Michael John Richardson (born 4 October 1986) is a South African-born German cricketer.  Richardson is a right-handed batsman who fields as a wicket-keeper.  He was born in Port Elizabeth. Richardson made his debut for Durham in a first-class match against Durham MCCU in 2010.

Richardson's family has a strong cricketing background.  His father, Dave Richardson, played Test cricket for South Africa.  His grandfather, John Richardson, uncle Ralph Richardson, and cousin Matthew Richardson have all played first-class cricket. In 2016 he wed Kate.

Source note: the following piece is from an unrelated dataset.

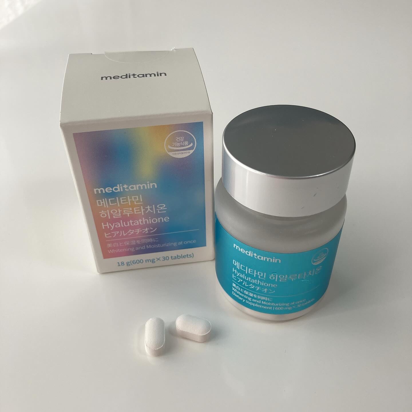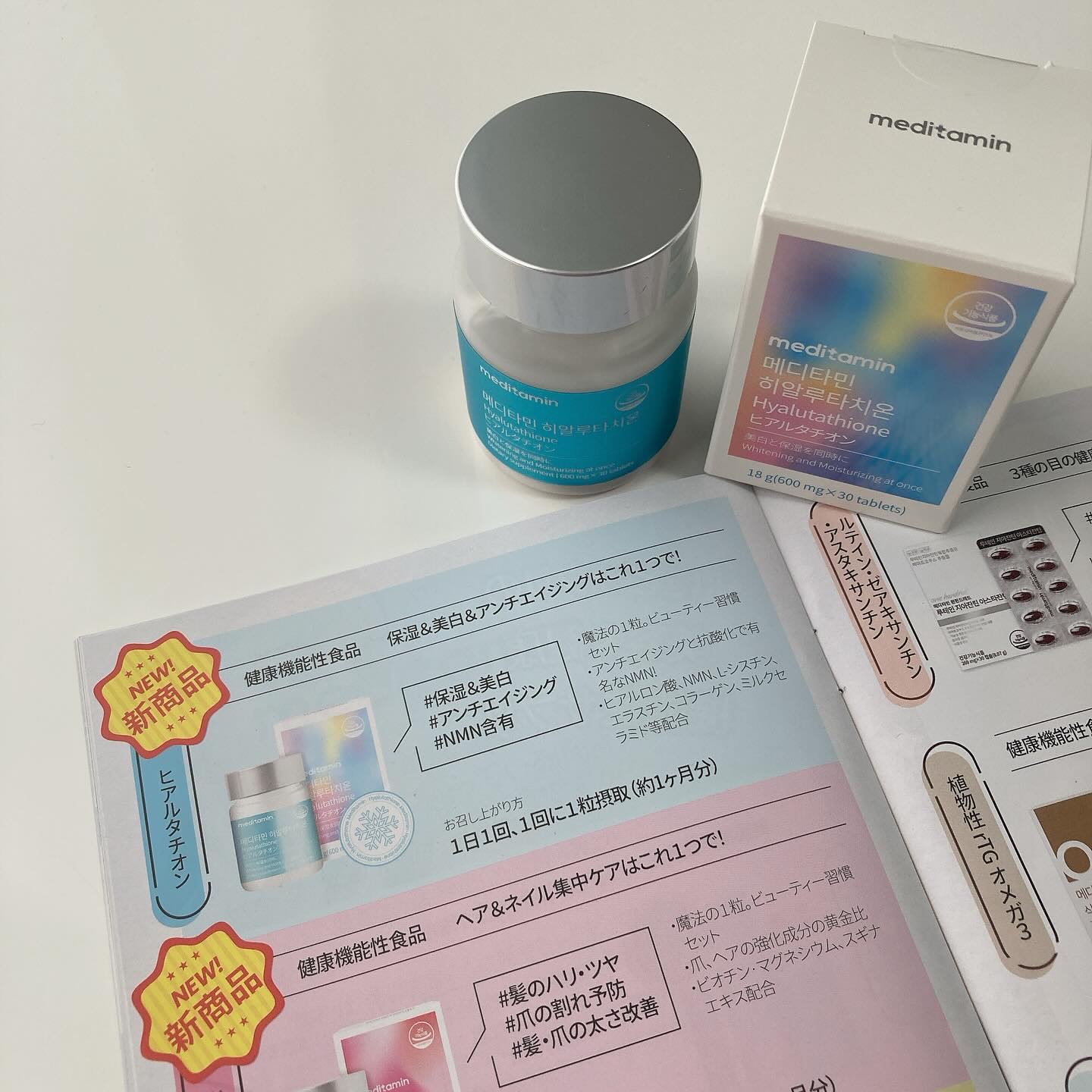 1日1粒ズボラでも続けやすいお手軽サプリ💓 メディタミン ヒアルタチオン 🤍ヒアルロン酸、グルタチオン、NMN。 🤍ビタミンC、Lーシスチン、エラスチン、コラーゲン、ミルクセラミド、ドクダミエキス粉末まで配合🙌 韓国発の美容サプリ🇰🇷 約1ヶ月分なので容器はけっこう小さめ!

In June 2019, he was called up to Germany's team for the Regional Finals of the 2018–19 ICC T20 World Cup Europe Qualifier tournament in Guernsey, replacing Daniel Weston, who broke a finger. Richardson qualified to play for the team by having German citizenship on his mother's side. He made his Twenty20 International (T20I) debut for Germany, against Denmark, on 19 June 2019.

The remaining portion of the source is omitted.